In any gathering there's an element of advertising, but one should be careful they're not perceived by most as a soapbox buffoon (what pops alludes to). By "by most" I mean in mentioning any accomplishment (e.g. having published a book), to some it's a red flag regardless. While hopefully to the majority, if done subtly enough, it's an interesting aspect others may follow-up on. So in essence, the advertising is selling yourself as an interesting acquaintance. If you look carefully around this site, you'll see good and bad examples you might learn from ;-) 

Now, if I could only practice what I preach. I've spent my life more at home observing in the natural world. Even my early education was in a one-room schoolhouse, not the sardine can world so many are accustomed to today. So far in life I've avoided internet age social media. Even joining this site was a first time experience. 

As far as coming here to improve my writing, the impetus was that I tired of authoring papers that only the choir read. I came to the conclusion that broader understanding might better be achieved piecemeal as an underlying thread in a storyline, so embarked on eco-fiction. 

Of course, we all pursue improving our writing for different reasons, not to mention with different drives. So even here the interaction in helping each other is best served on a somewhat impersonal level. That interests may develop in each others writing is a potential benefit, but is a turnoff if pursued overtly. I would think that in the broader world of internet age social media, one has to be even more subtle, but it's a confusing world to me.


----------



## InnerFlame00 (Sep 30, 2015)

popsprocket said:


> And this is another fundamental misunderstanding of B2C social media.
> 
> Do not use social media to push your product. End of story. If you've got a new release coming out then share the link, but don't spam it. Do it once and move on...



I don't spam or over-post. For example, on my tumblr account I share a lot of different things from different people, and my fanart is very well liked. I have over 50 followers and we all share similar interests. However when I post original stuff (once in a while) nothing much happens. I reblog a cute puppy? 20 reblogs. I make a funny comment about fanfiction? Over 100 reblogs. I post an original comic? 2 reblogs. I've tried posting at different times, etc and nothing changes that fact. I'm pretty sure my comics just aren't relateable enough, or I simply suck *shrugs*. Or I'm funny, but not funny enough for anyone to take notice. At this point I'm just wasting my time and energy for no payout. I've had about the same experience on all social media platforms. They've been pretty worthless to me.


----------



## LeeC (Sep 30, 2015)

InnerFlame00 said:


> I don't spam or over-post. For example, on my tumblr account I share a lot of different things from different people, and my fanart is very well liked. I have over 50 followers and we all share similar interests. However when I post original stuff (once in a while) nothing much happens. I reblog a cute puppy? 20 reblogs. I make a funny comment about fanfiction? Over 100 reblogs. I post an original comic? 2 reblogs. I've tried posting at different times, etc and nothing changes that fact. I'm pretty sure my comics just aren't relateable enough, or I simply suck *shrugs*. Or I'm funny, but not funny enough for anyone to take notice. At this point I'm just wasting my time and energy for no payout. I've had about the same experience on all social media platforms. They've been pretty worthless to me.

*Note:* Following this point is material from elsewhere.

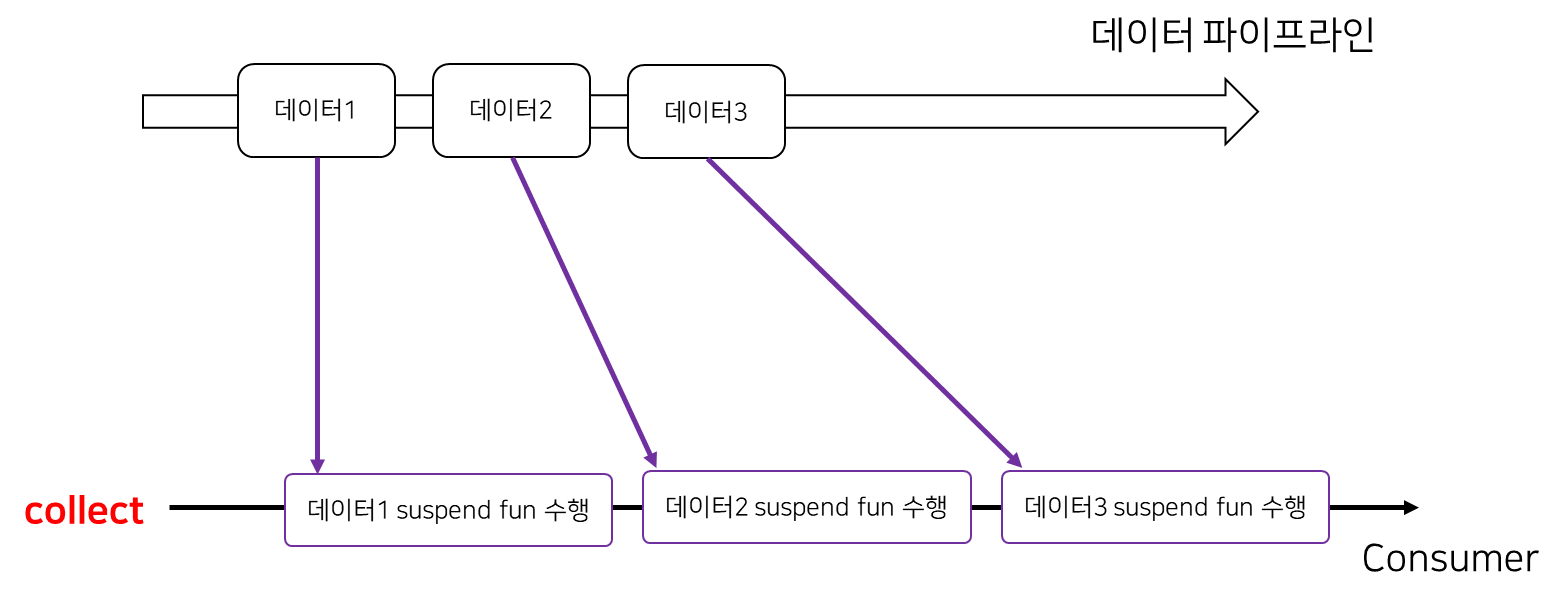 collect의 인자로 들어가는 action 블록은 flow에서 발행된 데이터를 순차적으로 받아 suspend fun을 수행한다.

Audience is an important aspect. I just looked at your blog, saw one strip I could understand and identify with, and entered a comment (I don't understand a lot of fanart these days). Then the site tried to get me to sign up with Google whatever, which annoyed me. I'm a very private person and don't like being taken where I don't want to go. No reflection on you intended, but passing out info, even just an email address, is something I try to avoid.

Even on my Mac I have Lil'Snitch so Apple can't be sending out anything I don't think is necessary. I could give other examples but you get the picture. On my site the only thing required to leave a comment is a handle of sorts.

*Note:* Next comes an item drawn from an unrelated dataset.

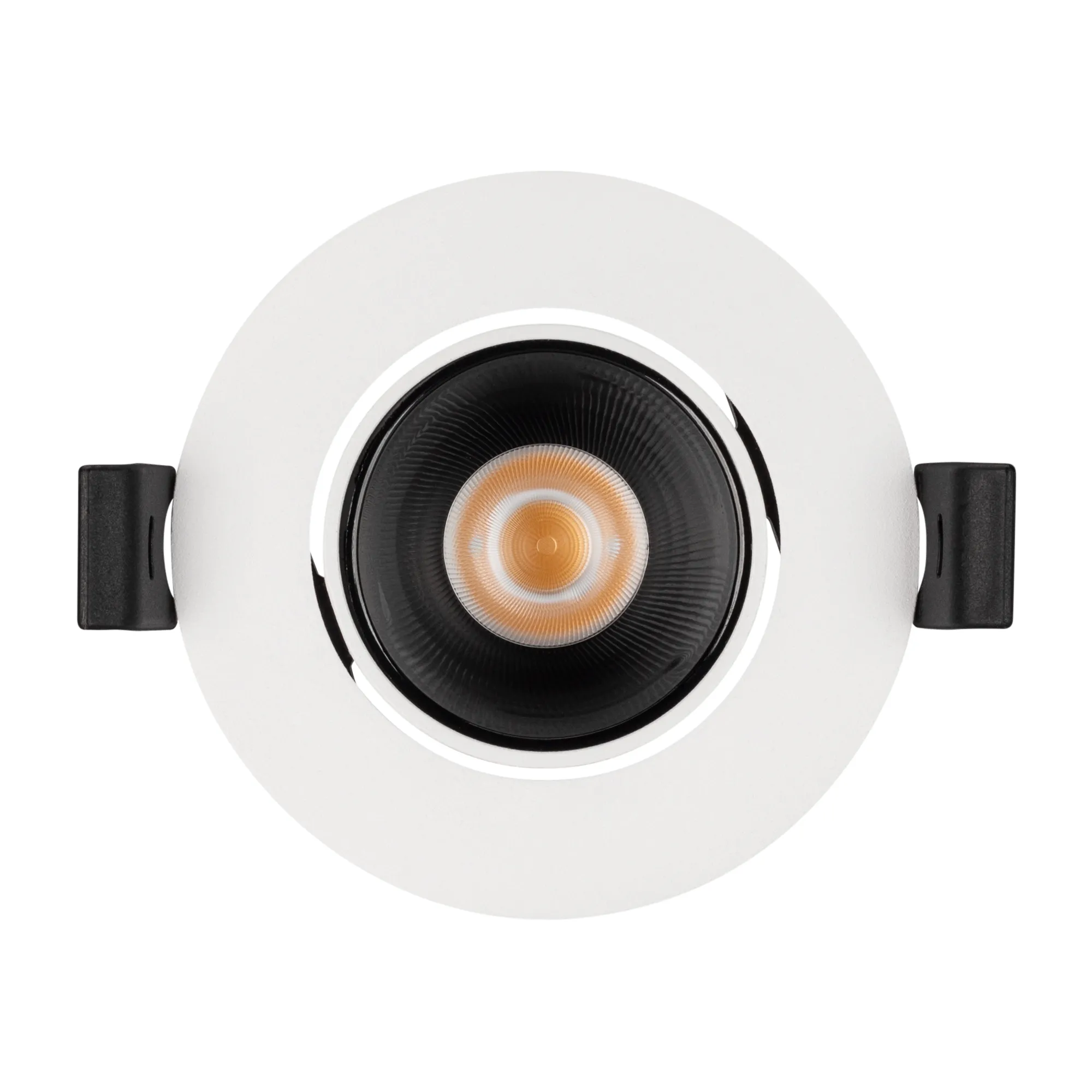 Встраиваемый поворотный светильник даунлайт. Мощность 8.4 Вт, св. поток 682 лм, 79 лм/Вт, теплый 3000 K, CRI>90, UGR<16, угол 32°, напряжение питания 230 В. Белый круглый корпус из алюминия, черный МАТОВЫЙ отражатель из PMMA, степень защиты IP20. Размер: диаметр 82 мм, высота 51 мм. Монтаж встраиваемый, установочное отверстие: диаметр 75 мм. Драйвер 21-42 В, 200 мА, пульсация <2%.

I could have easily been confused, wouldn't be the first time, but I thought some feedback from an old fart might be of some small use.


----------



## popsprocket (Sep 30, 2015)

InnerFlame00 said:


> I don't spam or over-post. For example, on my tumblr account I share a lot of different things from different people, and my fanart is very well liked. I have over 50 followers and we all share similar interests. However when I post original stuff (once in a while) nothing much happens. I reblog a cute puppy? 20 reblogs. I make a funny comment about fanfiction? Over 100 reblogs. I post an original comic? 2 reblogs. I've tried posting at different times, etc and nothing changes that fact. I'm pretty sure my comics just aren't relateable enough, or I simply suck *shrugs*. Or I'm funny, but not funny enough for anyone to take notice. At this point I'm just wasting my time and energy for no payout. I've had about the same experience on all social media platforms. They've been pretty worthless to me.

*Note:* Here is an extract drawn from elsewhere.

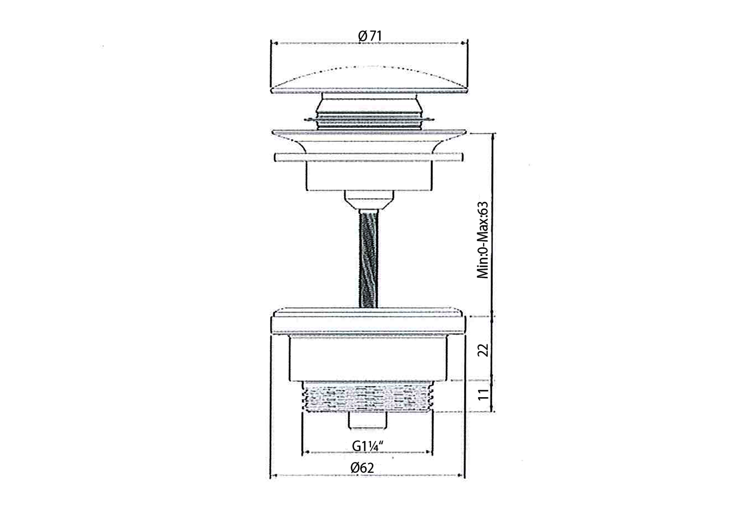 Umyvadlová výpust 5/4“, click-clack, keramická zátka, 5-63mm, bílá

Tumblr is a different game altogether and I'm not overly familiar with how it works or how their posting algorithm alters the chance of your work getting seen. But, it stands to reason that it's fairly similar to other platforms. Therefore: if you have 50+ followers, how many of them will be on at any given time? 5? 10? 15? It's a fraction, however large or small. Of those handful or so of people who will have your comics in a prime position on the feed of people they follow, you can expect again only a fraction of those to reblog your comic. 

And although tumblr has a very specific culture and doesn't follow the exact same logic that the other social sites do, that much still applies: *only a fraction of a fraction of your followers will bother to respond to what you post.
*
It's this prime rule that makes social media a numbers game. 

Take the WF Facebook page for example. It's got ~1000 followers. Of those 1000, only about 50 will see a post that is made within an hour of making it (an average of about 150 people will see it in total over the next ~48 hours, after which it stops showing up in people's newsfeeds altogether and the count of unique viewers will almost entirely stop increasing). Of those 150 average unique views, only about 10 people will engage in any kind of way - a Like, a comment, a share. So, that's 15% of the total page followers who see the post (there's Facebook workings to this, there's a cap on how many people will see something you post if you don't pay to advertise the post [which is another matter again]), and then only about 5-6% of those 15% are moved enough by the content to engage.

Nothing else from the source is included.